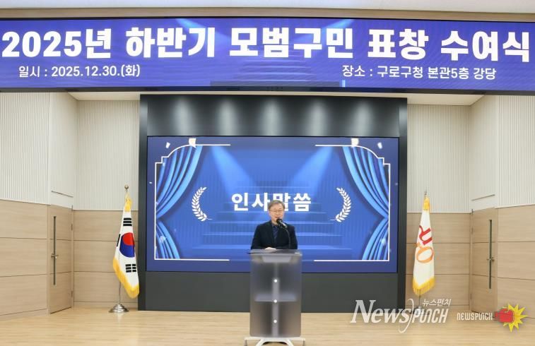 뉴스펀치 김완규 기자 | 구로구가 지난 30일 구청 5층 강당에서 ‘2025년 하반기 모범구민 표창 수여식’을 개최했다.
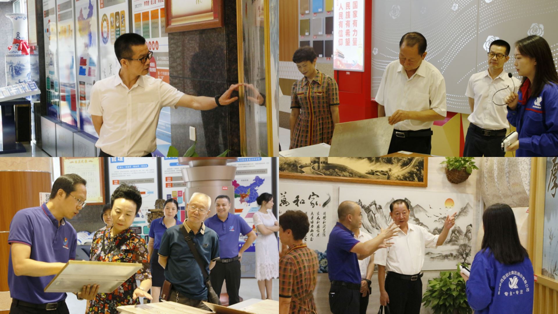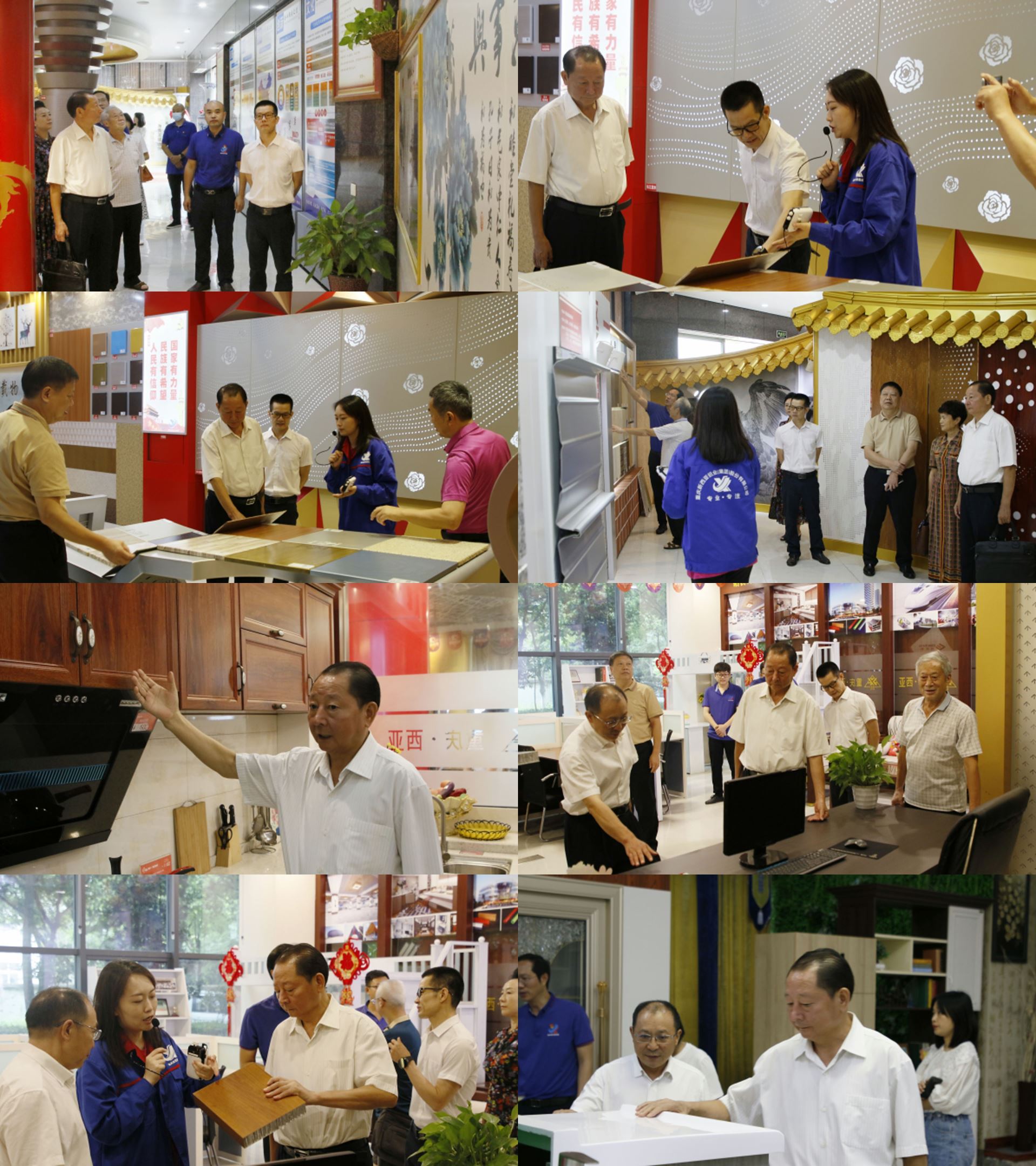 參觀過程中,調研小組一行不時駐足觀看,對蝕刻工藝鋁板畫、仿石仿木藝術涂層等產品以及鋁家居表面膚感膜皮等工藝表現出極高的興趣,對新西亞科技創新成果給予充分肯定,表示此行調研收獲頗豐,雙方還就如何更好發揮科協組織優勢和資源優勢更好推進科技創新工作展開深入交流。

===============

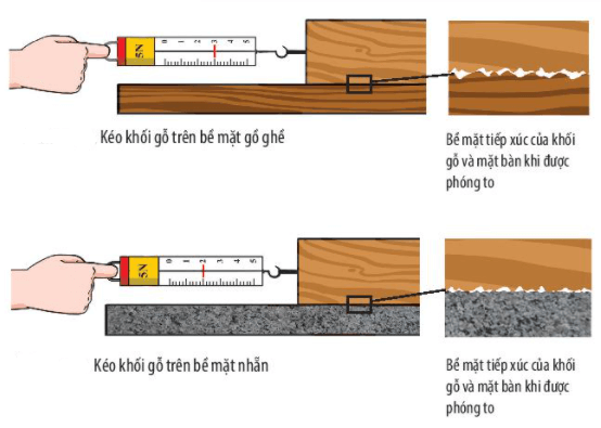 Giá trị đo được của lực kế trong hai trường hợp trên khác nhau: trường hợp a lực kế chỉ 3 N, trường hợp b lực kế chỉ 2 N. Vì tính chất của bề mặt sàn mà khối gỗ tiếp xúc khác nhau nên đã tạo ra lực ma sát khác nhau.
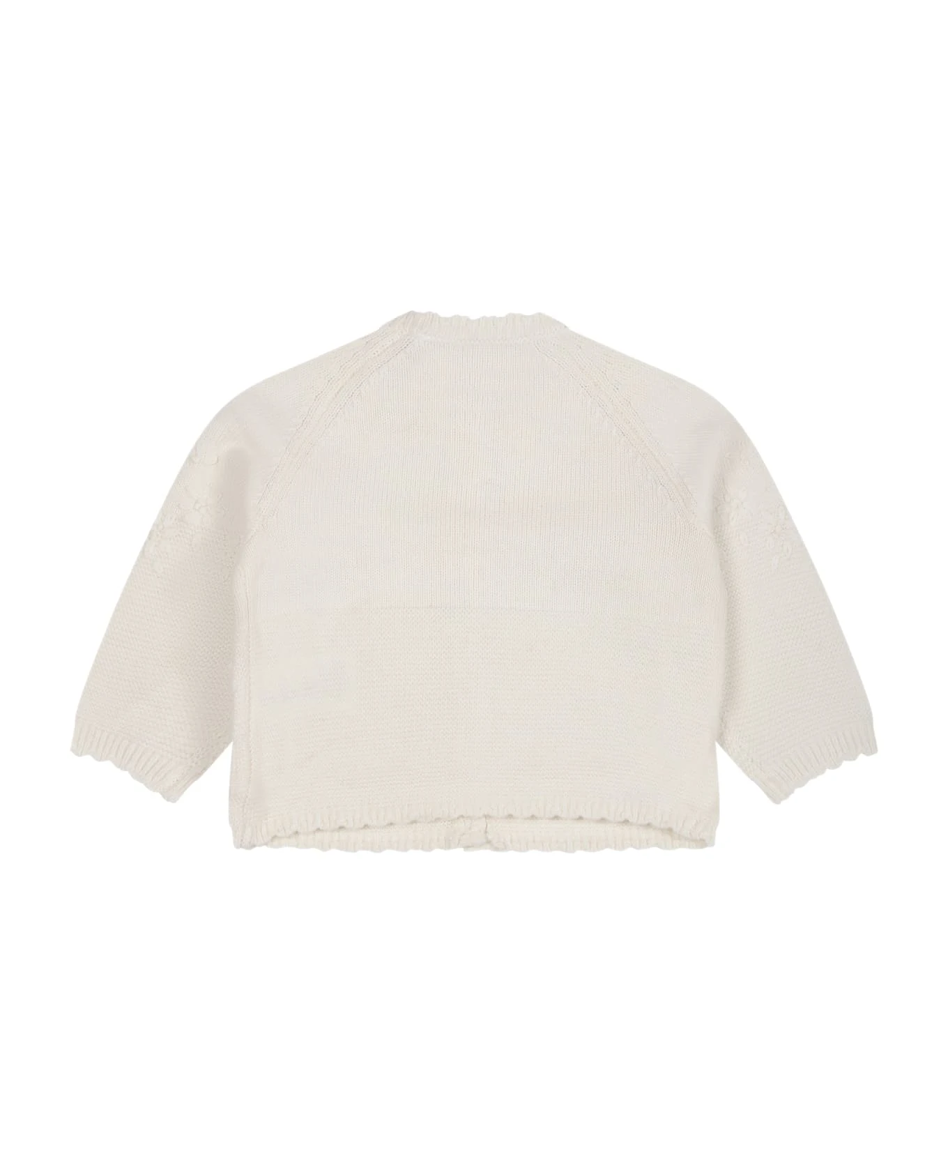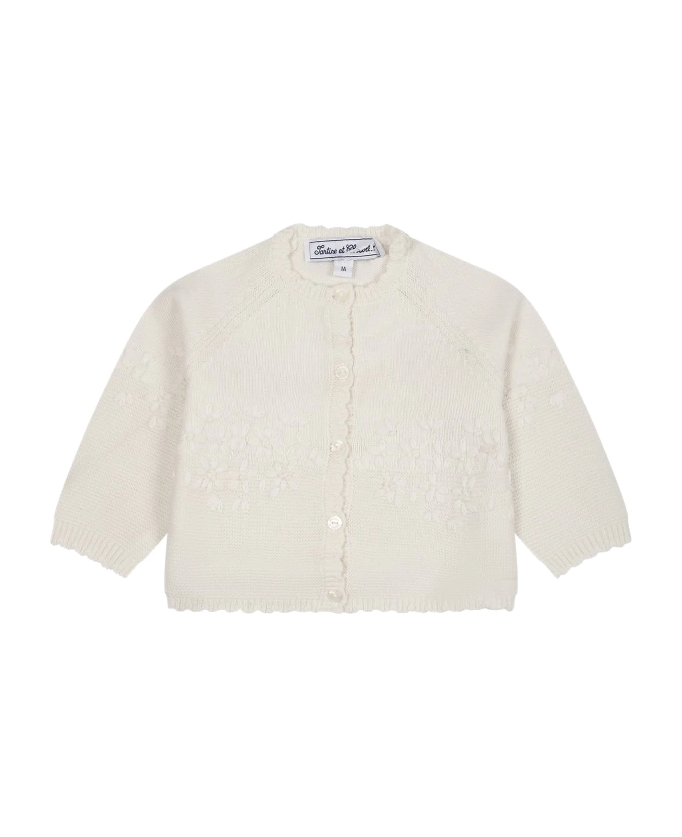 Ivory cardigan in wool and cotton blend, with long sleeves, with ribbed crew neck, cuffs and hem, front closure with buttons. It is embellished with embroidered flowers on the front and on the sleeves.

===============

= DIRECTIONS FOR THIS TASK =
Retype, exactly and with no pictures, everything above from the line with "뉴스펀치 김완규 기자" down to the line with "參觀過程中,調研小組一行不時", both included.

= RESPONSE TO THIS EXERCISE =
 뉴스펀치 김완규 기자 | 구로구가 지난 30일 구청 5층 강당에서 ‘2025년 하반기 모범구민 표창 수여식’을 개최했다.
 參觀過程中,調研小組一行不時駐足觀看,對蝕刻工藝鋁板畫、仿石仿木藝術涂層等產品以及鋁家居表面膚感膜皮等工藝表現出極高的興趣,對新西亞科技創新成果給予充分肯定,表示此行調研收獲頗豐,雙方還就如何更好發揮科協組織優勢和資源優勢更好推進科技創新工作展開深入交流。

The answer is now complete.